▶ _TASK GOAL_:
Starting with the line that has "и черници старыя" and finishing with the line that has "Ochroniarz Patryk |", set down each line below exactly. Pictures are not copied.

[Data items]

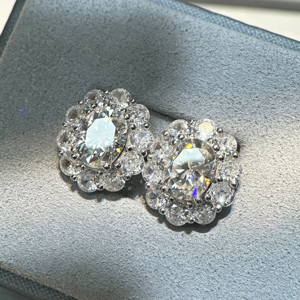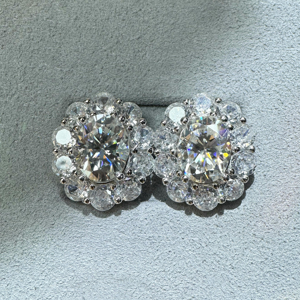 2 carat 7 * 9 pigeon egg moissanite stud earrings S925 sterling silver European and American ladies elegant high-end ear jewelry wholesale
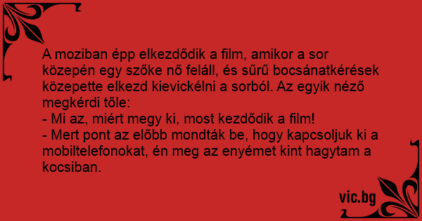 A moziban épp elkezdődik a film, amikor a sor közepén egy szőke nő feláll, és sűrű bocsánatkérések közepette elkezd kievickélni a sorból. Az egyik néző megkérdi tőle:
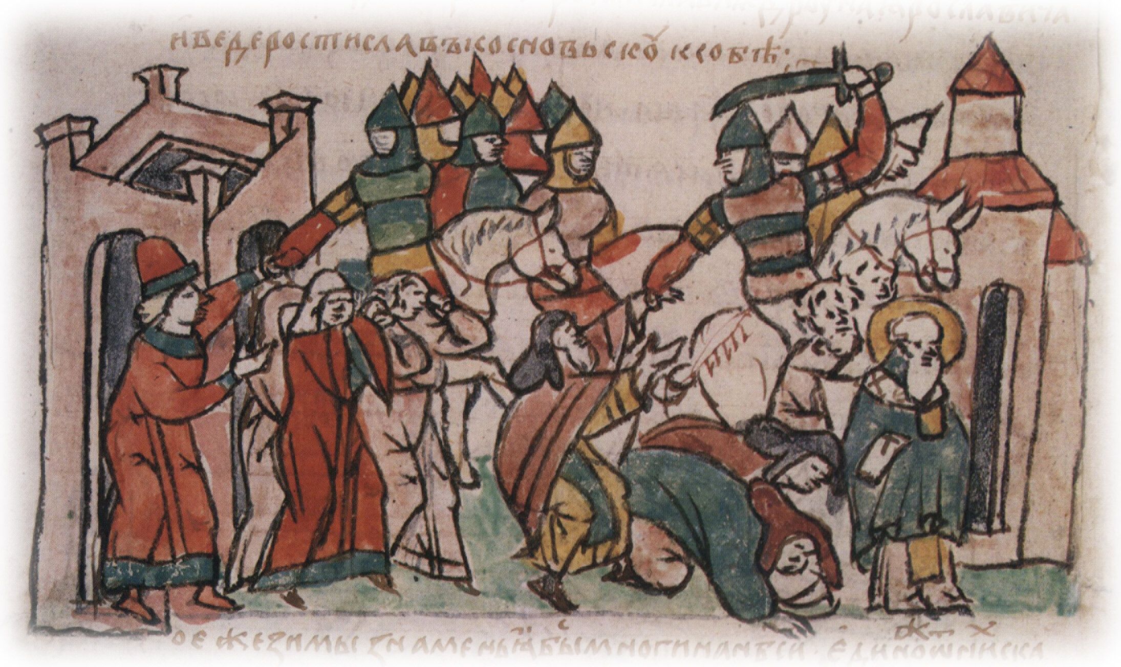 "Черници и черници старыя иссекоша, и попы старые, и слепыя, и хромыя, и слукыя, и трудоватыя, та вся иссекоша; а что черноцов инех, и черниць инех, и попов, и попадей, и кияны, и дщери их, и сыны их, то все ведоша иноплеменици в вежи к собе. Тогда же яша и Мстислава... и веде Ростислав к Сновьску к собе".
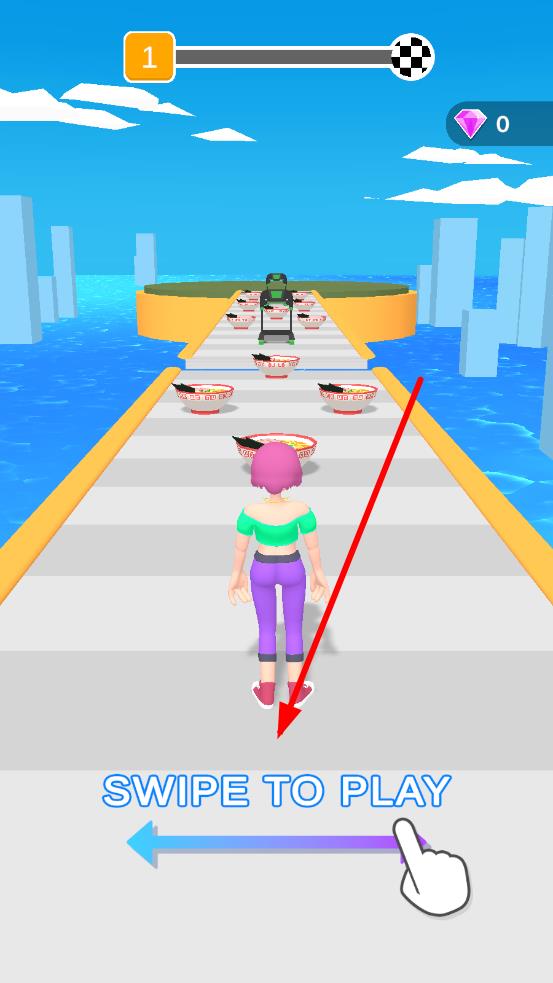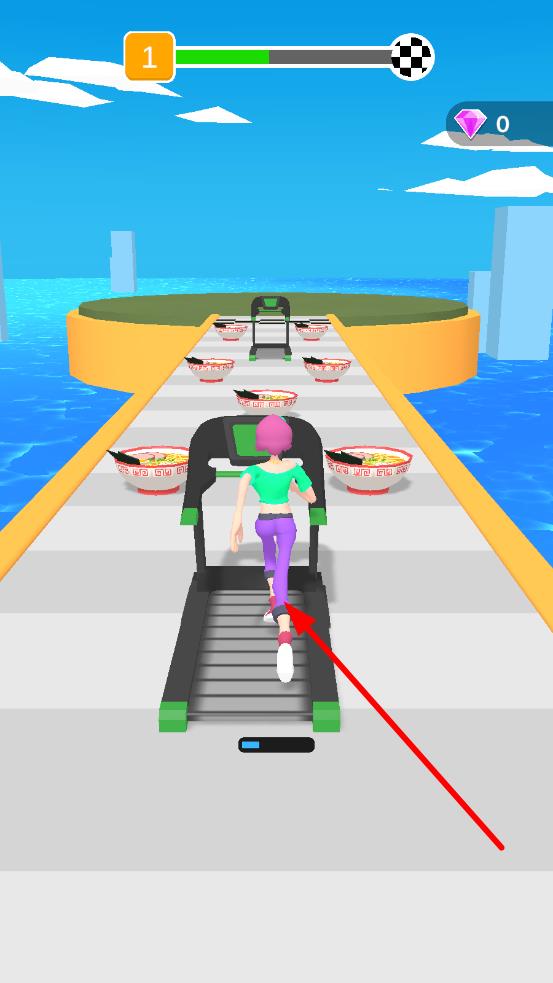 1、滑动屏幕操控角色左右移动,在起始跑道道具群中,挑选跑步机等健身道具,开启策略性闯关进程。
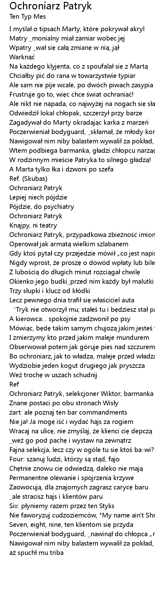 | Song | Ochroniarz Patryk |
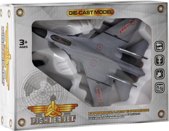 Ten szczegółowo wykonany myśliwiec łączy efekty świetlne i dźwiękowe, które wzmacniają wrażenia z zabawy i pobudzają dziecięcą wyobraźnię. Dzięki napędowi pull-back samolot po naciągnięciu sam rusza, miga i wydaje różne dźwięki.
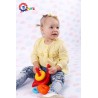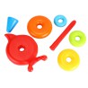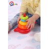 Piramidka składa się z 4 plastikowych kółek o różnych wielkościach i kolorach oraz drążka do nakładania kółek, na samej górze znajduje się stożek. Zabawa układanka sprzyja rozwojowi koordynacji ruchowo-wzrokowej oraz zdolności manualnych dziecka.

▶ _ANSWER SPACE_:
 "Черници и черници старыя иссекоша, и попы старые, и слепыя, и хромыя, и слукыя, и трудоватыя, та вся иссекоша; а что черноцов инех, и черниць инех, и попов, и попадей, и кияны, и дщери их, и сыны их, то все ведоша иноплеменици в вежи к собе. Тогда же яша и Мстислава... и веде Ростислав к Сновьску к собе".
 1、滑动屏幕操控角色左右移动,在起始跑道道具群中,挑选跑步机等健身道具,开启策略性闯关进程。
 | Song | Ochroniarz Patryk |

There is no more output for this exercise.